2.2 The view that such grants were exempt was based on interpretation of s.20 (4) FA 1975 (now s.10(1) IHTA 1984). This subsection provided exemption for transfers which were not intended to confer gratuitous benefit, either where the transaction was made at arm's length between persons not connected with each other, or where it was such that it might have been expected to be made between persons not connected with each other.
2.3 This was not a view automatically taken by the Revenue who instanced, for example, cases where an agricultural tenancy was granted to the grantor's son at full market rent but nevertheless where the grantor intended to confer gratuitous benefit on the son. The Revenue's view led to considerable discussion and representations being made.
2.4 To remove the doubts expressed, an exempting provision s.97 FA 1981 was enacted. This is now s.16 IHTA 1984, which provides that for IHT purposes the grant of a tenancy of agricultural property in the UK "for use for agricultural purposes is not a transfer of value by the grantor if he makes it for full consideration in money or money's worth".
3.1 The expression 'full consideration in money or money's worth' is not statutorily defined. Nevertheless, it is not an expression specially minted for s.16 and has a long history and broad application dating back to s.3(1) FA 1894.

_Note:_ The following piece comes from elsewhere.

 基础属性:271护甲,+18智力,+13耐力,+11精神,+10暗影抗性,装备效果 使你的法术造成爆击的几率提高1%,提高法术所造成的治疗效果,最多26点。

3.2 In Hanson's Death Duties the expression was considered:
"Consideration and value are not synonymous. While a sale at less than full value may raise a doubt as to the nature of the transaction, especially if it is between relatives it seems clear from the decisions on the section (s.3(1) FA 1894) that, even though the transaction is in form a family arrangement, if it is in the nature of a business deal whereby the vendor gets what he genuinely considers to be a fair equivalent of what he gives up, then he is regarded as having received full consideration, whether or not the mutual exchanges balance".
3.3 The broad approach which the Courts have adopted in deciding whether or not there has been full consideration in money or money's worth was indicated by Hamilton J in A G v Boden (1912) 1KB 539 at 561:
"The question whether full consideration was given or not may no doubt be solved by putting a value on the property which passed on one side, and weighing against it the value of the obligations assumed on the other; but that is not the only method of solving the question. Another method is by looking at the nature of the transaction and considering whether what is given is a fair equivalent of what is received".

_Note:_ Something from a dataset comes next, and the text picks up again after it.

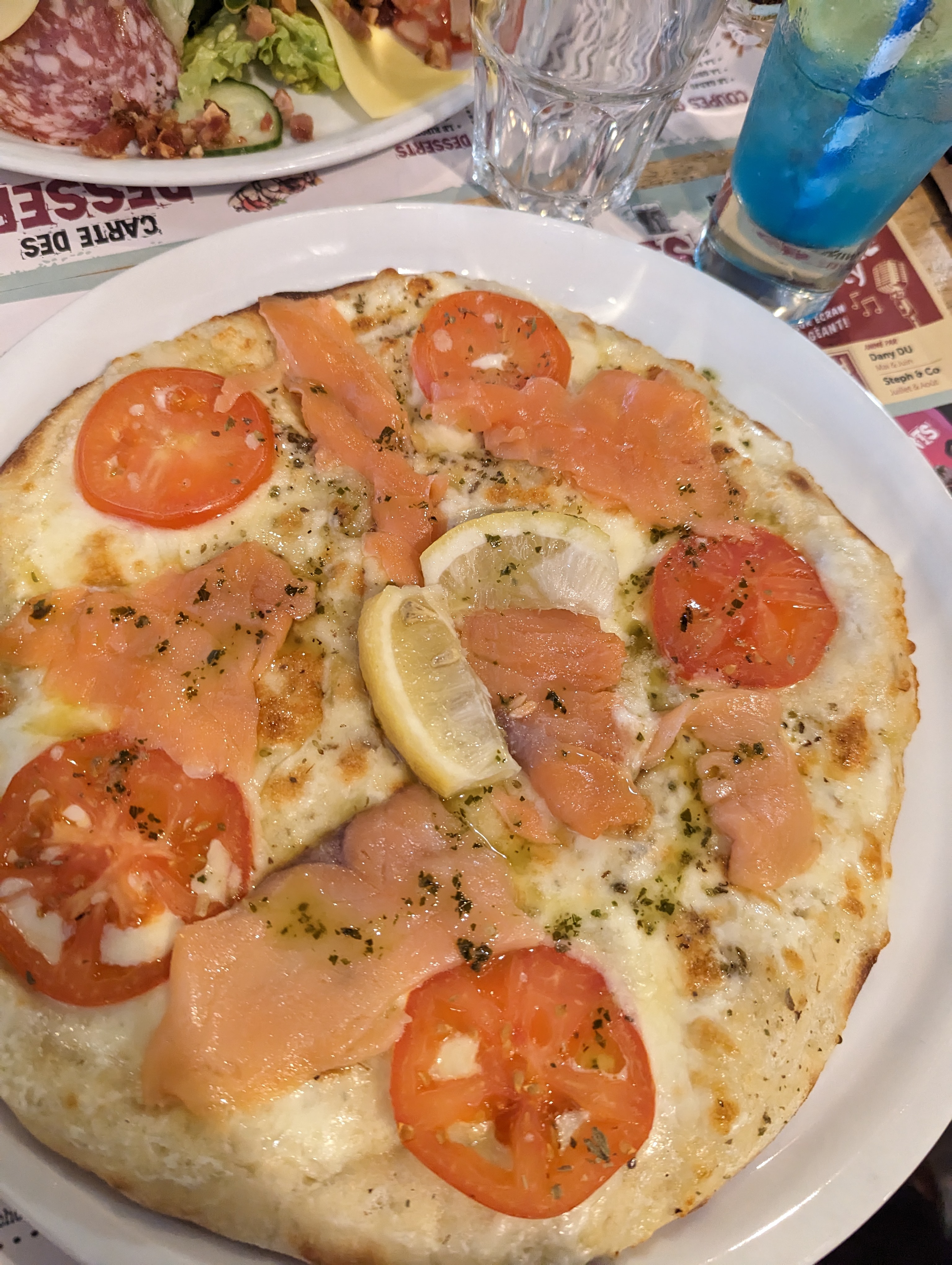 Un super accueil au niveau des serveurs et serveuses au top souriants nous avons décider mon amie et moi de partager une pizza il nous a été proposer à chacune une demie pizza salade qui nous a été facturer le prix d'une pizza entiere ma chère salade... Dommage car l'ambiance est top et la pizza ainsi que la glace était très bonne mais 13e90 une demie pizza ainsi qu'un peu de salade avec deux morceaux de chèvre bas non dsl ça ne passe pas...

3.4 This approach was given further judicial authority by Lord Sterndale MR in A G v Earl of Sandwich (1922) 2KB 200:
"the way to answer this question (whether there was full consideration) is not necessarily to estimate the value of the thing granted and the consideration and ascertain whether they exactly agree, but to look at the nature of the transaction and to consider whether what is given is a fair equivalent of what is received".
3.5 Perhaps, the neatest comment is that in the Bateman case (1925) 2KB 429, where according to the judge it meant that the full fair price has been paid and that nothing is left over for gift or natural love and affection or any other consideration.

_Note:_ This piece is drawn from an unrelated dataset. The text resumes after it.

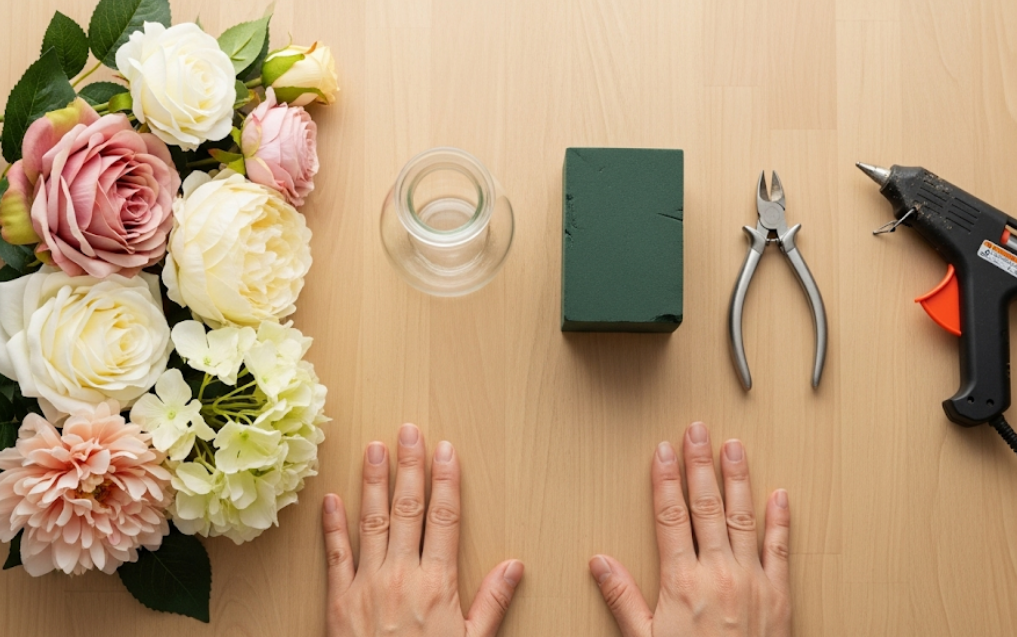 アーティフィシャルフラワーアレンジメントの魅力をご理解いただけたところで、次はいよいよ実践編です。

3.6 It is recognised that whilst there would usually be a written tenancy agreement, some of the terms on which the tenancy was granted might not be contained in that agreement, and might have been agreed orally. Further, where all the terms on which the tenancy was granted were in writing, some of those terms might be in instruments other than the tenancy agreement. For example, an owner-occupying farmer may take others into partnership, and grant a tenancy to the partners. The terms of the tenancy granted might be affected by the terms of the partnership agreement.
3.7 CTO will take into account all the circumstances surrounding the grant of the tenancy agreement. Any oral terms upon which the parties agreed at the time the tenancy was granted will be included, as will the terms contained in any other instrument which came into being as a larger transaction of which the grant of the tenancy was part. All these circumstances, however, must be shown to relate to the grant of the tenancy and to have a monetary value that contributes to the total 'full consideration' claimed.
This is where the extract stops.